DATA IN THIS EXERCISE:
=== Section Start ===

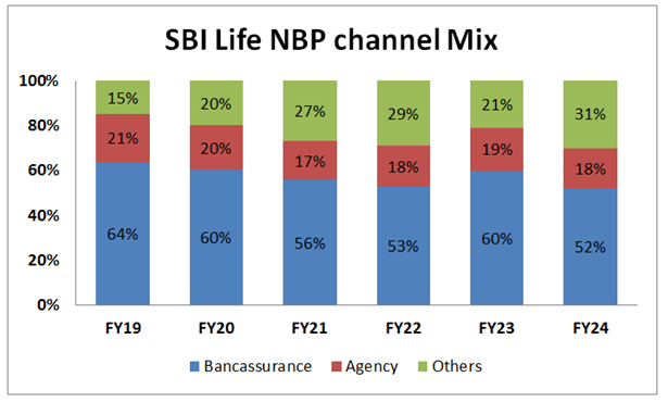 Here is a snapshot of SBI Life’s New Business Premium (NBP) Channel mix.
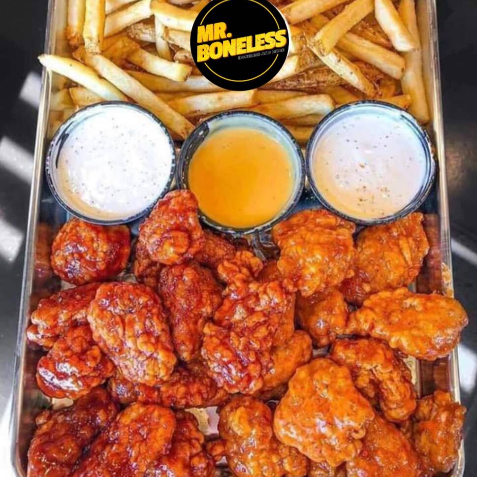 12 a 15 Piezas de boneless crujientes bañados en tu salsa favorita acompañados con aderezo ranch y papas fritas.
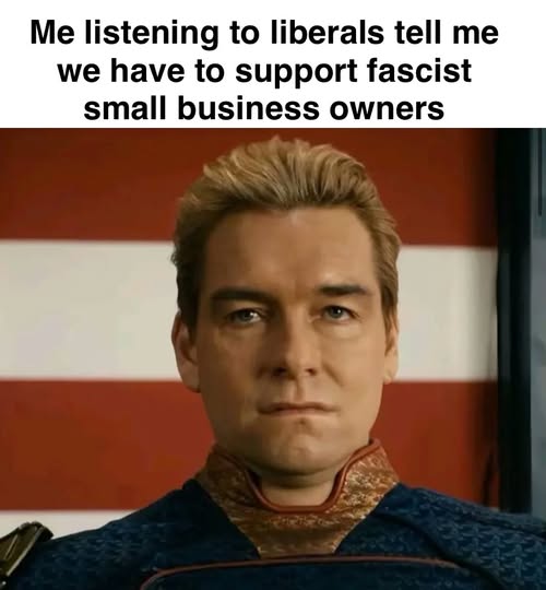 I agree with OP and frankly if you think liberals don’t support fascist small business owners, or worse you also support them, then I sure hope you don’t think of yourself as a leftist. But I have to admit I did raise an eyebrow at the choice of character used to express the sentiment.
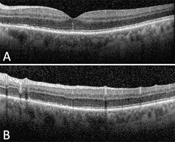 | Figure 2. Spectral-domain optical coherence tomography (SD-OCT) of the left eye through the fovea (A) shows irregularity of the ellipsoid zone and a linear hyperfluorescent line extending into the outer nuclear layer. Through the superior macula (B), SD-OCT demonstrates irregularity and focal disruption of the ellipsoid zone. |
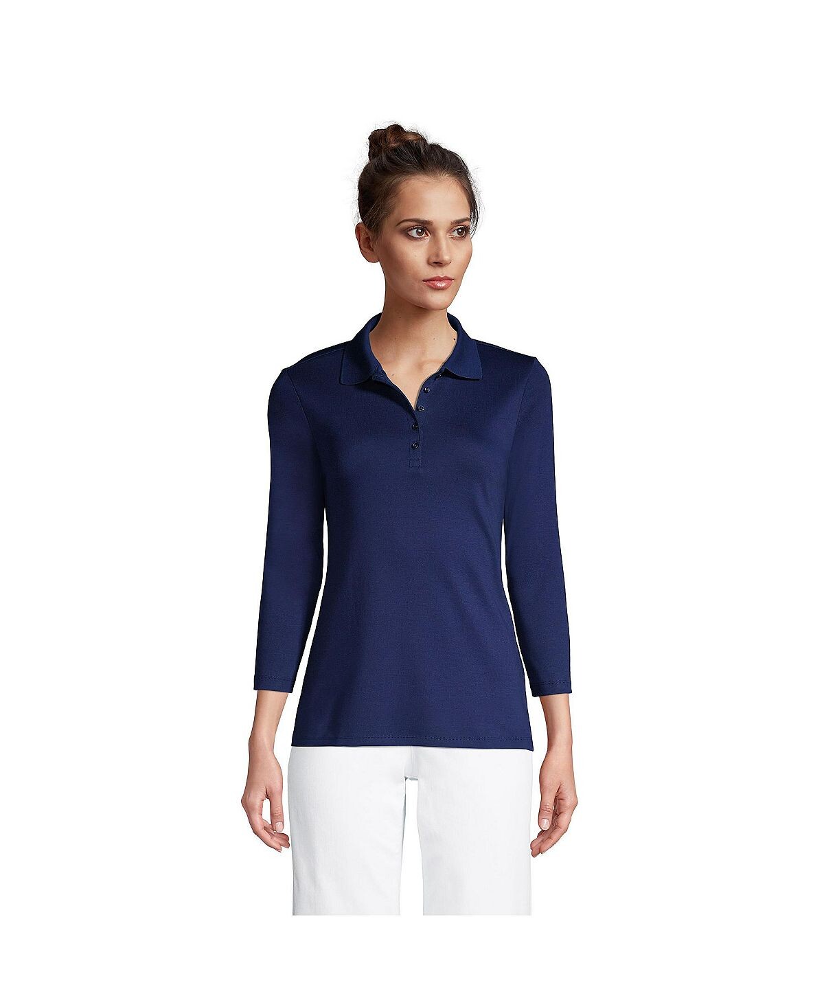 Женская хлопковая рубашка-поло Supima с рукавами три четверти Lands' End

=== Section End ===
=== Section Start ===

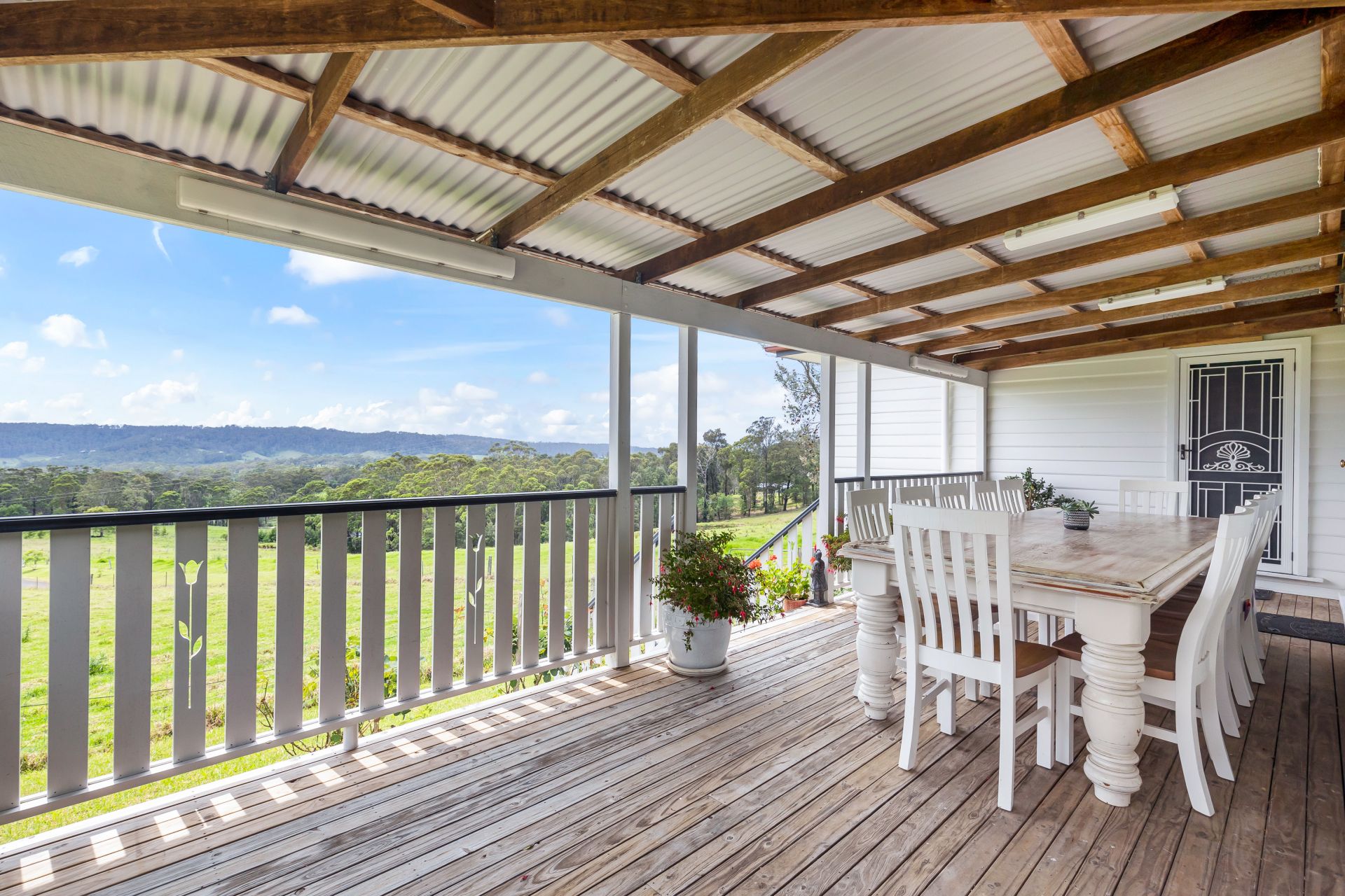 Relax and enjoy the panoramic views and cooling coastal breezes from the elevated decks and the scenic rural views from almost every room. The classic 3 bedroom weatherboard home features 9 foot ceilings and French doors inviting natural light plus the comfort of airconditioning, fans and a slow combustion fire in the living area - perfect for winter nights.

=== Section End ===

THE TASK:
Repeat exactly the lines above, beginning at the one containing "Here is a snapshot" and ending at the one containing "I agree with". Do not carry over any pictures.

RESPONSE FOR THIS EXERCISE:
 Here is a snapshot of SBI Life’s New Business Premium (NBP) Channel mix.
 12 a 15 Piezas de boneless crujientes bañados en tu salsa favorita acompañados con aderezo ranch y papas fritas.
 I agree with OP and frankly if you think liberals don’t support fascist small business owners, or worse you also support them, then I sure hope you don’t think of yourself as a leftist. But I have to admit I did raise an eyebrow at the choice of character used to express the sentiment.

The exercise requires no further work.